The Economist
Budget brinkmanship in a conservative America
JARED BERNSTEIN, a progressive economist who until recently worked for the vice-president, tells it straight:
If your conclusion is that Democrats got rolled because the President is a lousy negotiator, I disagree. Not on his negotiating skills…as someone said in comments, I wouldn’t want him in the auto showroom with me when I’m bargaining for a better price. I disagree that better negotiating skills would have made a big difference. The problem goes much deeper. ...
The problem for progressives is that not very many Americans are progressive. As Mr Bernstein put it:
Those of us who do care about [progressive programmes] will not defeat those who strive to get rid of it all by becoming better tacticians.

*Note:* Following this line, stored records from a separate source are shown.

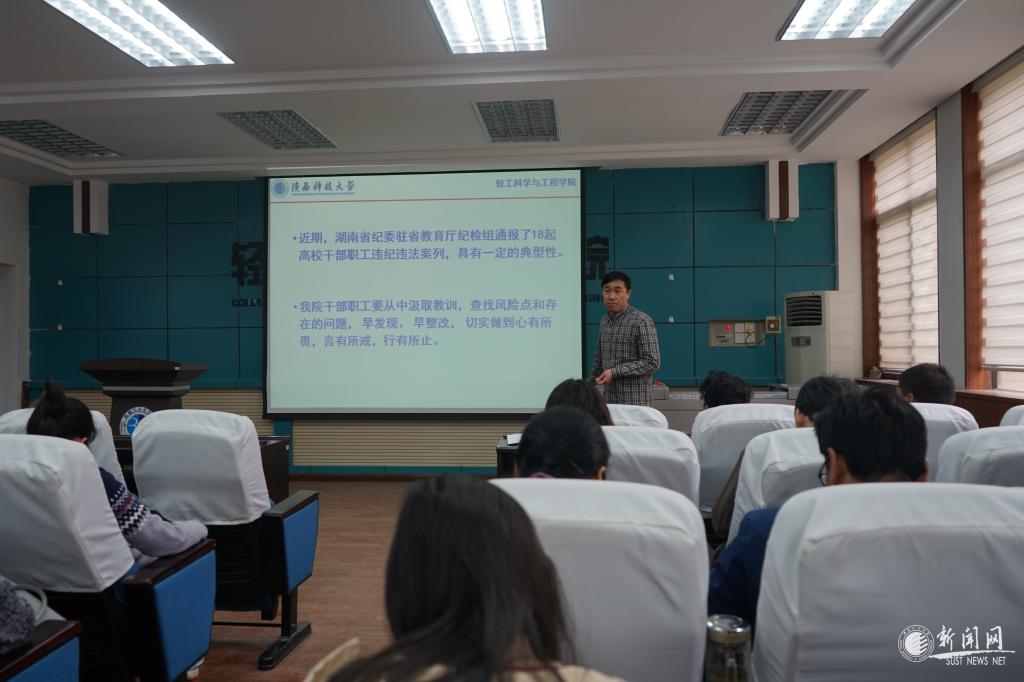4月11日下午,輕工科學(xué)與工程學(xué)院召開學(xué)校思想政治工作會議精神傳達(dá)學(xué)習(xí)會。學(xué)院黨委書記李新平主持會議,學(xué)院全體教師參加會議。會上,李新平傳達(dá)了學(xué)校思想政治工作會議精神和學(xué)校創(chuàng)建省教育系統(tǒng)“文明校園”工作實(shí)施方案,并做了具體工作部署。
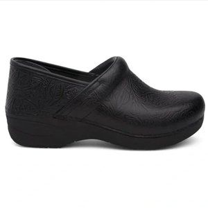Dansko XP 2.0 Floral Tooled Clogs Size 40 EU Black Leather Shoes Slip-Resistant
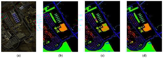 This paper first introduces three available HIS datasets and then discusses the setting of related parameters. Specifically, the method of selecting training samples is what percentage is taken for each category, while the specific land cover types, training, and test sets are shown in Table 1, Table 2 and Table 3. Then, we challenge the proposed model against other methods, including Edge-Preserving Filtering (EPF) [], Image Fusion and Recursive Filtering (IFRF) [], RP-Net [], CNN-AL [], and SS-RMG [].
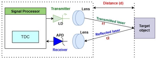 LiDAR devices use laser light to determine distances and create detailed 3D maps of their surroundings [24,25,26]. A LiDAR sensor, which determines the precise distance from a target object by emitting a laser, includes a laser diode (LD), an avalanche photodiode (APD), a time-to-digital converter (TDC), and signal processing modules, as depicted in Figure 1. Therefore, these are the primary components of a LiDAR system, which are required for data capture, processing, and interpretation to measure distances and detect objects:
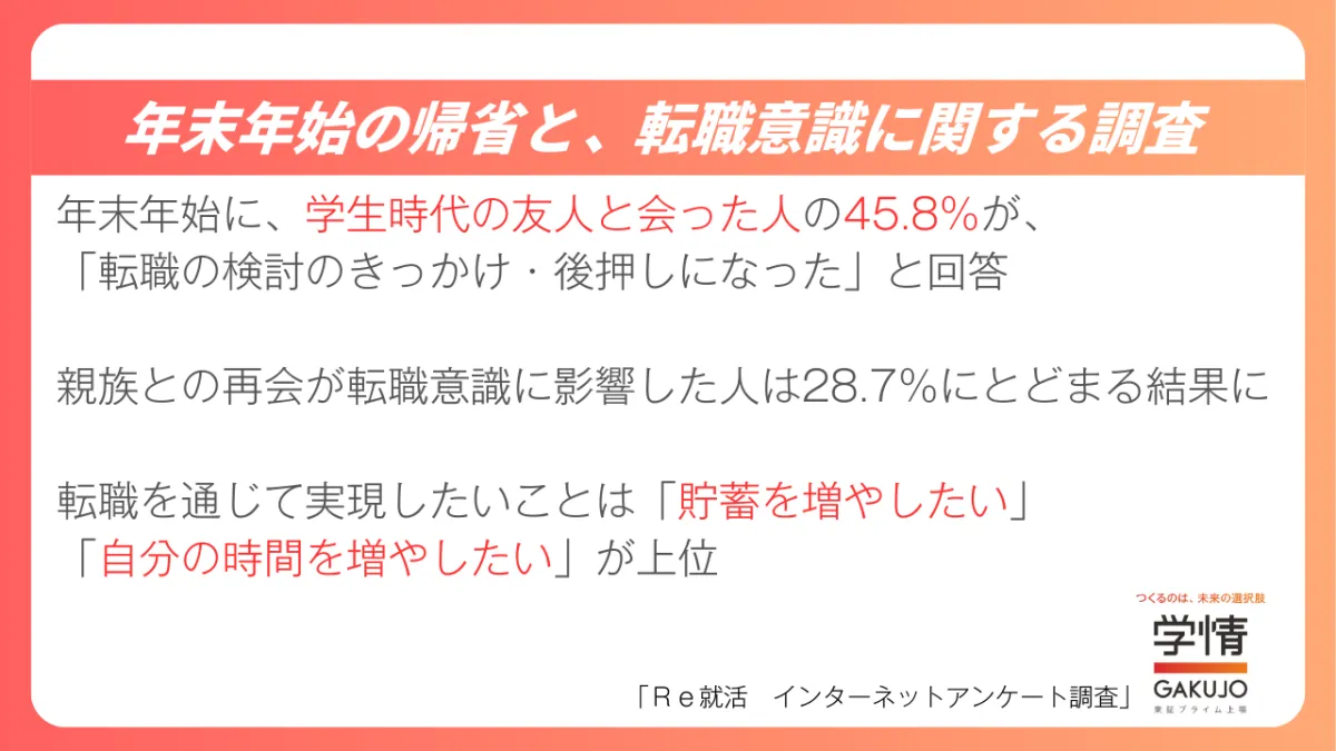 年末年始は、地元への帰省や友人、親族との再会を通じて、新たな気づきを得る時期でもあります。特に20代にとって、この時期の人とのつながりはとても重要です。株式会社学情が実施したアンケート調査によれば、学生時代の友人と再会したことで、転職を考え始めた人が多いことがわかりました。
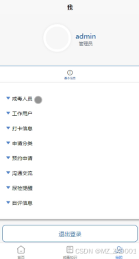 在我的界面中,基本信息,用户可以在此模块查看和编辑自己的基础信息,包括姓名、性别、年龄等,确保个人信息的准确性和实时性。添加戒毒人员和工作用户,打卡信息模块记录了用户的日常打卡情况,包括打卡时间、地点等,申请分类,用户可以根据自身需求,在此模块中选择不同类型的申请,如请假、外出等,简化申请流程。预约申请模块允许用户提前预约与工作用户的会面或咨询,提高服务效率和用户体验。沟通交流此模块为用户提供了一个与社区其他成员进行交流的平台,用户可以分享经验、寻求帮助或提供支持。尿检提醒功能会定期提醒用户进行尿检,确保戒毒过程的透明度和有效性。管理员可以在自评信息模块中查看戒毒人员填写的自评信息,了解自身在戒毒过程中的心理状态和进步情况,管理员我的界面如下图5-10所示:
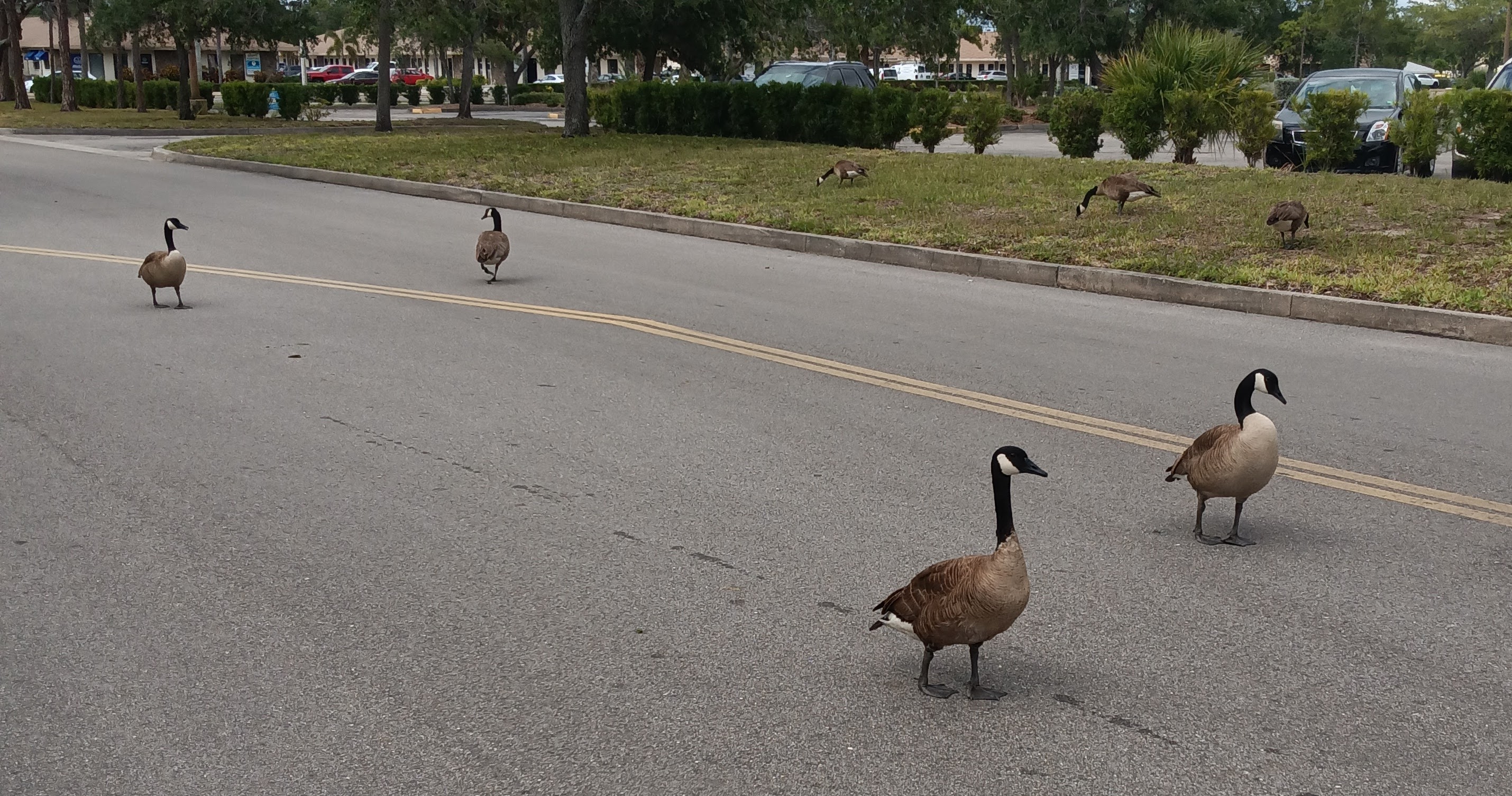 but seeing a flock of canadian geese strutting down a florida street is a little rarer, even with 5 million or so of them flying here and there every day!
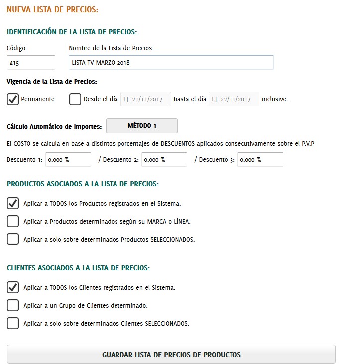Vigencia de la lista de precios: podemos seleccionar que sea permante o podemos seleccionar un rango de fecha.
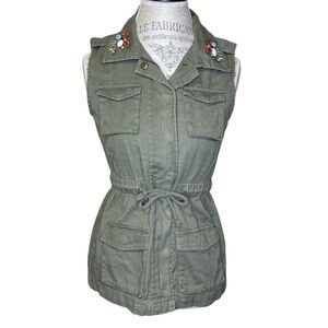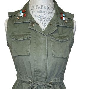 NWT Decree Women's Jeweled Utility Vest Jacket Olive Green Size S
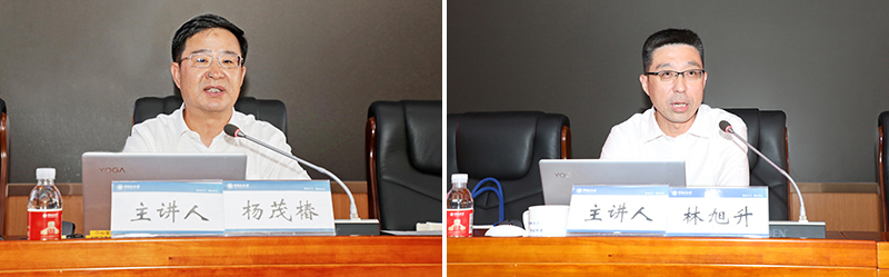 林旭升代表学校对新入职教职工表示欢迎,希望大家赓续世纪海大荣光,加快建设一流大学;落实立德树人根本任务,努力培养担当民族复兴重任的时代新人;传承优良传统,争做新时代海大“大先生”。他表示,今年10月25日,学校将迎来建校100周年,新百年新征程,希望新入职教职工以实际行动书写好“教育强国,高校何为”的海大答卷。林旭升以《隆重庆祝百年华诞 加快建设特色显著的世界一流大学》为题,介绍了学校的百年历史、发展现状,展望了学校的发展愿景和目标;以《深入推进师德师风建设,推动教师队伍高质量发展》为题,介绍了学校师德师风建设的举措与成效,阐明了师德师风建设的重要性和紧迫性。他还带领大家学习了《新时代高校教师职业行为十项准则》,勉励大家为培养堪当民族复兴重任的时代新人、实现中华民族伟大复兴作出贡献。
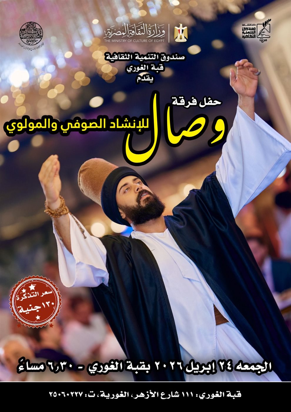 يقدم مركز إبداع قبة الغوري بحي الأزهر – التابع لقطاع صندوق التنمية الثقافية – حفلًا لفرقة "وصال" للإنشاد الصوفي والمولوي، وذلك في تمام الساعة السادسة والنصف مساء يوم الجمعة الموافق 24 أبريل.
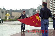 圖文:澳門警察在蓮花廣場彩排時疊好國旗
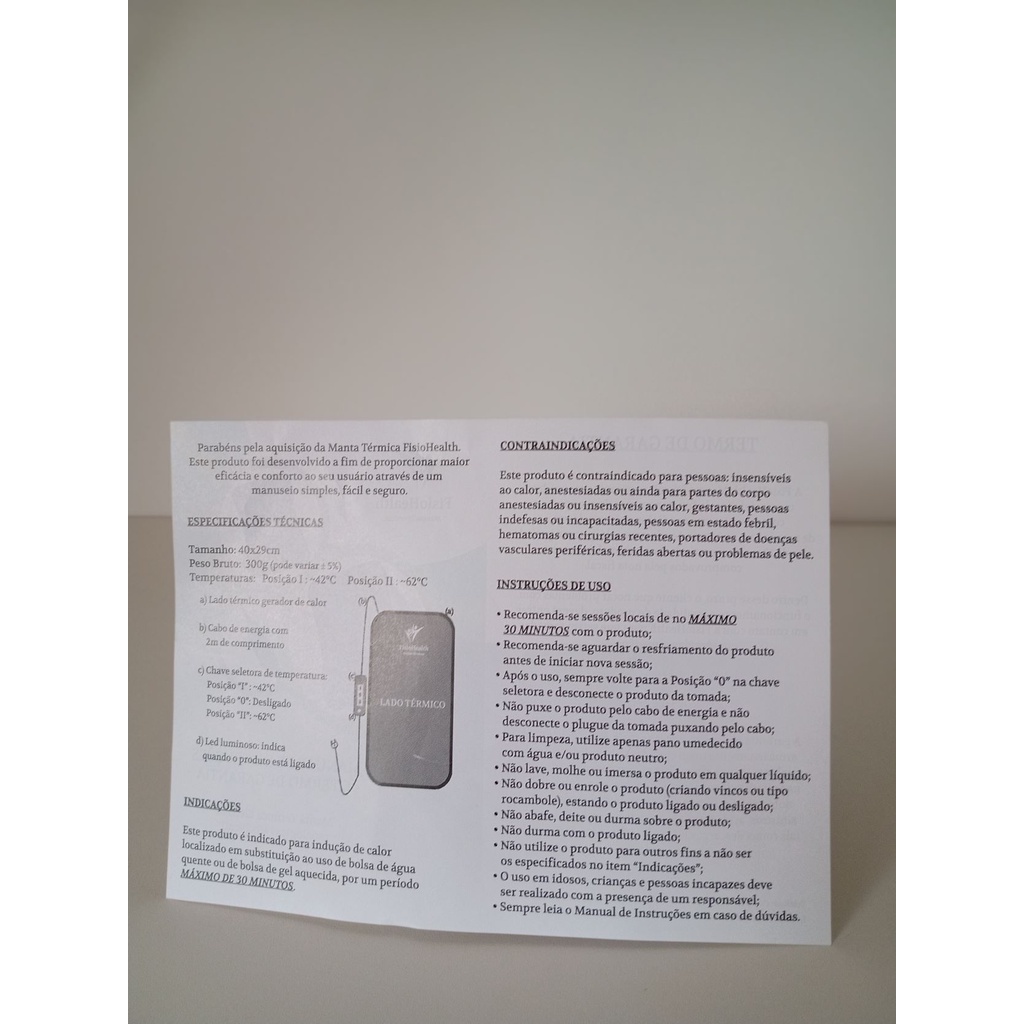 Manta Térmica A Manta Térmica FisioHealth é o produto ideal para a realização de terapias que necessitam da emissão contínua de calor (termoterapia). Possui as duas temperaturas mais utilizadas no mercado para a realização de tratamentos fisioterápicos, estéticos e também para o alívio de dores. Desenvolvida em material maleável, porém resistente e de fácil higienização, se adequa confortavelmente a anatomia do seu corpo. Modelo disponível na versão 127V. Altura*: 40 cm Largura*: 29cm Consumo*: 40w (max.) Peso Bruto*: 300g *Valores aproximados FISIOTERAPIA Redução de espasmo muscular, diminuição da rigidez articular, aumento de flexibilidade, etc. ESTÉTICA Aceleração do metabolismo basal, liberação de toxinas através da sudorese, além de potencializar a penetração de ativos cosméticos na derme. ALÍVIO DA DOR Redução de dores agudas e crônicas, tais como entorses, lombalgias, cólicas menstruais e gastrointestinais, contusões, artroses, etc. Desde já agradeço pela atenção e preferência!!!
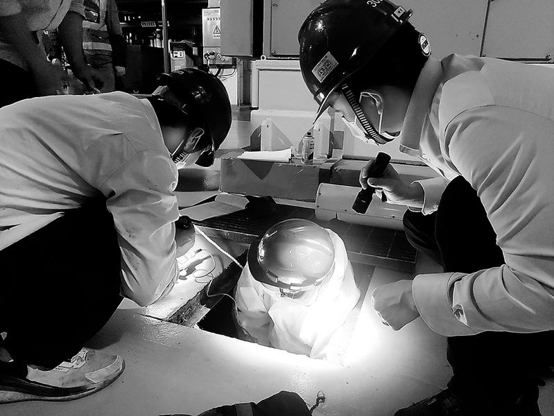近日,鴻山熱電公司汽機(jī)專業(yè)結(jié)合防非停工作,對(duì)閉式水系統(tǒng)隱蔽段管道進(jìn)行專項(xiàng)檢查,通過系統(tǒng)性檢查,杜絕閉式水系統(tǒng)的介質(zhì)外漏,消除影響機(jī)組持續(xù)穩(wěn)定運(yùn)行的隱患。(韓強(qiáng)攝)
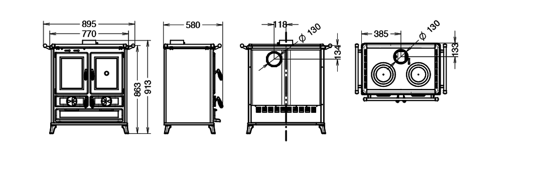 • Maße Feuerraum (L x H x T): 235 x 364 x 382  mm

We will only find success when a majority of Americans agrees with us that government is something worth fighting for.
There you have it.
Kevin Drum bravely points his finger at the mirror:
... I blame the broad liberal community for our failures, not just President Obama. My biggest beef with Obama is the same one I had three years ago, namely that he's never really even tried to move public opinion in a specifically progressive direction. But that hardly even matters unless all the rest of us have laid the groundwork. And we haven't. Wonks, hacks, activists, all of us. We just haven't persuaded the public to support our vision of government. Until we do, the tea party tendency will always be more powerful than we are.
This morning, Matthew Yglesias noticed a new Pew poll that shows 41% of Americans identifying as "conservative" or "very conservative" and a paltry 21% identifying as "liberal" or "very liberal". It's not a pretty picture for the left:
"Liberals just aren’t the 'base' of the Democratic Party in the same way that conservatives are the base of the GOP", Mr Yglesias observes. The major parties, he notes, "are very asymmetrical in their structure and composition". Quite right.
Putting all this together, I'm not at all ready to concede that the president is a lousy negotiator. "[I]s this the best the nuclear option can get you?" Tyler Cowen asks the tea-party movement. "I’d say rethink your theory of public opinion."